● Data extract
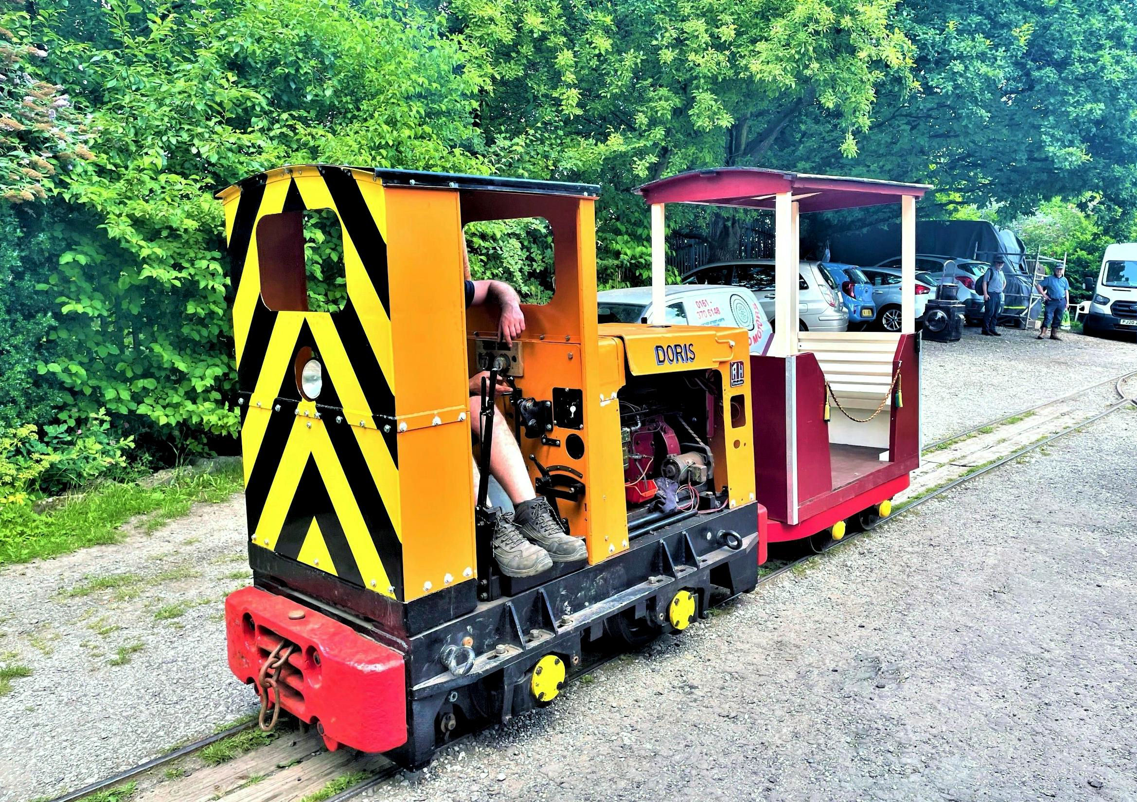 The locos all disappeared back down hill to fetch the coaches. After a safety briefing, back up the hill arrived: MR8905 'Charlotte', a green 4-wheeled diesel mechanical hauling a large covered coach with four loose kitchen seats, a (working!) clock, and a bell which rang when the coach went over a bump. RH200761, a maroon 4-wheeled diesel mechanical brought an open carriage with a pair of back to back longitudinal benches seating four and RH418776 'Doris', an orange 4-wheeled diesel mechanical, was on a covered coach with two small transverse benches; each could just about seat two people.
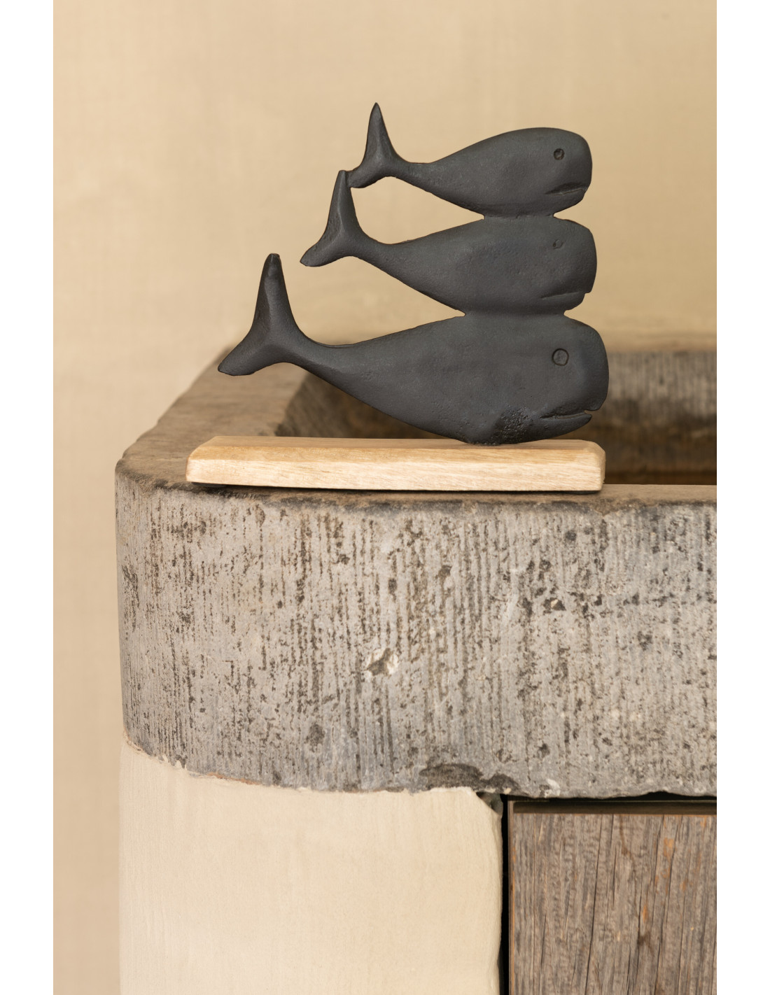 Objet déco à poser Baleines superposée Hauteur 20 cm en Métal Noir Bois Naturel Ursa - 3
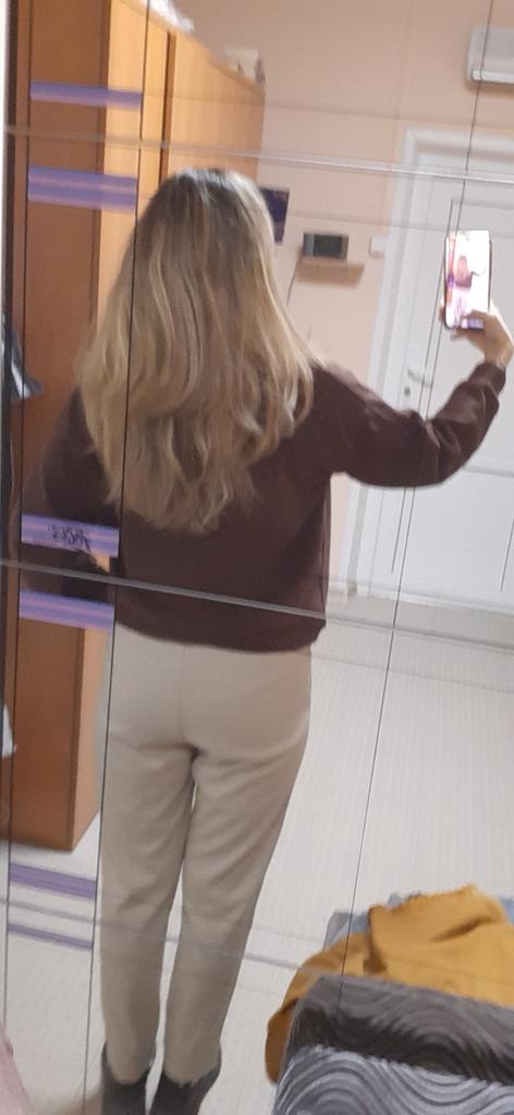 The fit of the trousers is not clear, the waist is wide, in the stomach area, it bubbles at the groin, because of this it wrinkles as if it is pulling, the color does not match, it is lighter, I do not recommend 👎

● Task instructions
Your answer must be an exact copy of the listing, minus its pictures.

● Exercise answer
 The locos all disappeared back down hill to fetch the coaches. After a safety briefing, back up the hill arrived: MR8905 'Charlotte', a green 4-wheeled diesel mechanical hauling a large covered coach with four loose kitchen seats, a (working!) clock, and a bell which rang when the coach went over a bump. RH200761, a maroon 4-wheeled diesel mechanical brought an open carriage with a pair of back to back longitudinal benches seating four and RH418776 'Doris', an orange 4-wheeled diesel mechanical, was on a covered coach with two small transverse benches; each could just about seat two people.
 Objet déco à poser Baleines superposée Hauteur 20 cm en Métal Noir Bois Naturel Ursa - 3
 The fit of the trousers is not clear, the waist is wide, in the stomach area, it bubbles at the groin, because of this it wrinkles as if it is pulling, the color does not match, it is lighter, I do not recommend 👎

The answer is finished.